Goal of the exercise:
For the material below, the expected output is exactly the lines between the line holding "9時に出発のお客様をお送りし" and the line holding "При перпендикулярном взгляде", inclusive, with pictures left out.

Extracted information:
==============================

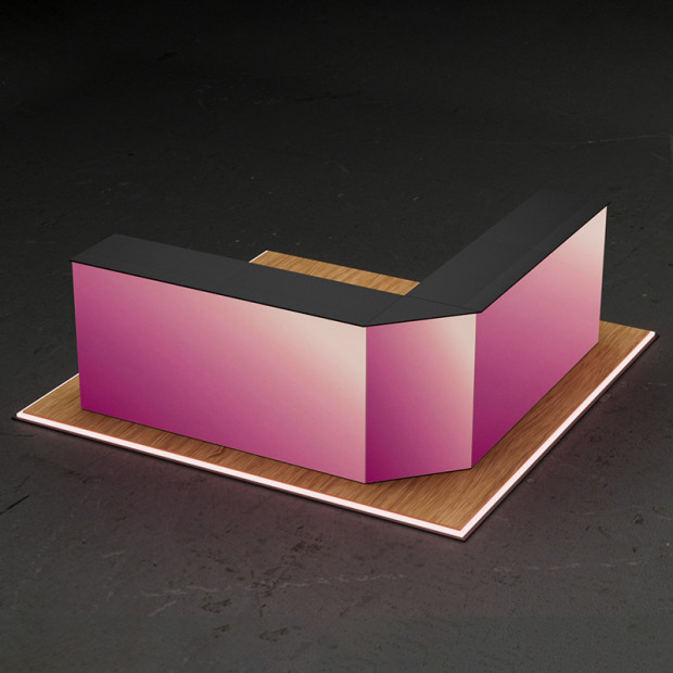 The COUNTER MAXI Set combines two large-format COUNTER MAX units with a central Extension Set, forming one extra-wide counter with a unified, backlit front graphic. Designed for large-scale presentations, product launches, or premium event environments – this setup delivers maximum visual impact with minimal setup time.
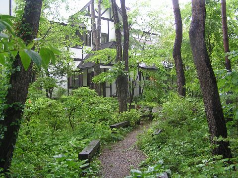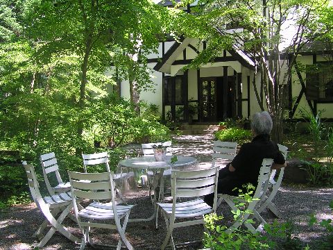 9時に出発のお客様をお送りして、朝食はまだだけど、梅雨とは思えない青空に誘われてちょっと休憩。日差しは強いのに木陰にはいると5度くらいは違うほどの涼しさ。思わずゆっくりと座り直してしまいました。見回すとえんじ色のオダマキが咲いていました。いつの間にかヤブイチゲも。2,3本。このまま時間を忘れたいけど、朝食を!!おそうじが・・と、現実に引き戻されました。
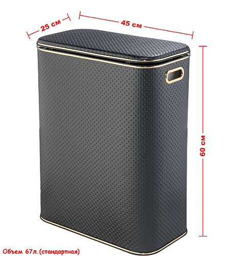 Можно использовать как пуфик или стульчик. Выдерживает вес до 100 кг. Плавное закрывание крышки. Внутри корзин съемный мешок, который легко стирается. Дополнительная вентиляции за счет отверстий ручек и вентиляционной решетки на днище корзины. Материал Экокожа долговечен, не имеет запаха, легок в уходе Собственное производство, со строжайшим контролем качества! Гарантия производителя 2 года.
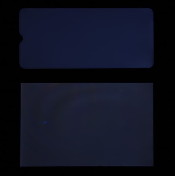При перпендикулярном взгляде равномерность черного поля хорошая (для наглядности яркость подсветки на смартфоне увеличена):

==============================

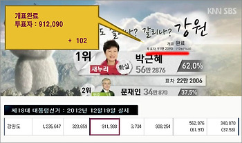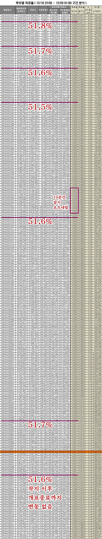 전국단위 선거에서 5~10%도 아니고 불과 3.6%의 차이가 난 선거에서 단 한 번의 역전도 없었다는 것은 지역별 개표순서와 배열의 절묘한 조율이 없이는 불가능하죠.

==============================

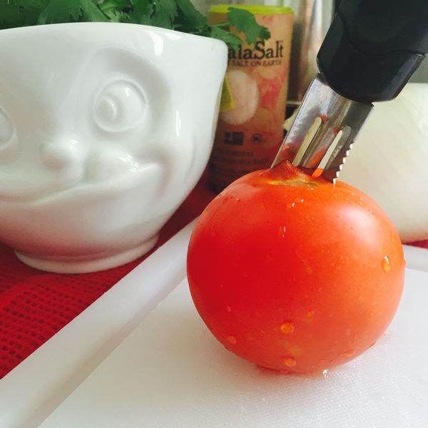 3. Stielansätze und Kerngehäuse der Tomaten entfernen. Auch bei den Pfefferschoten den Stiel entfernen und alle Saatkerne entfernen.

==============================

Result:
 9時に出発のお客様をお送りして、朝食はまだだけど、梅雨とは思えない青空に誘われてちょっと休憩。日差しは強いのに木陰にはいると5度くらいは違うほどの涼しさ。思わずゆっくりと座り直してしまいました。見回すとえんじ色のオダマキが咲いていました。いつの間にかヤブイチゲも。2,3本。このまま時間を忘れたいけど、朝食を!!おそうじが・・と、現実に引き戻されました。
 Можно использовать как пуфик или стульчик. Выдерживает вес до 100 кг. Плавное закрывание крышки. Внутри корзин съемный мешок, который легко стирается. Дополнительная вентиляции за счет отверстий ручек и вентиляционной решетки на днище корзины. Материал Экокожа долговечен, не имеет запаха, легок в уходе Собственное производство, со строжайшим контролем качества! Гарантия производителя 2 года.
При перпендикулярном взгляде равномерность черного поля хорошая (для наглядности яркость подсветки на смартфоне увеличена):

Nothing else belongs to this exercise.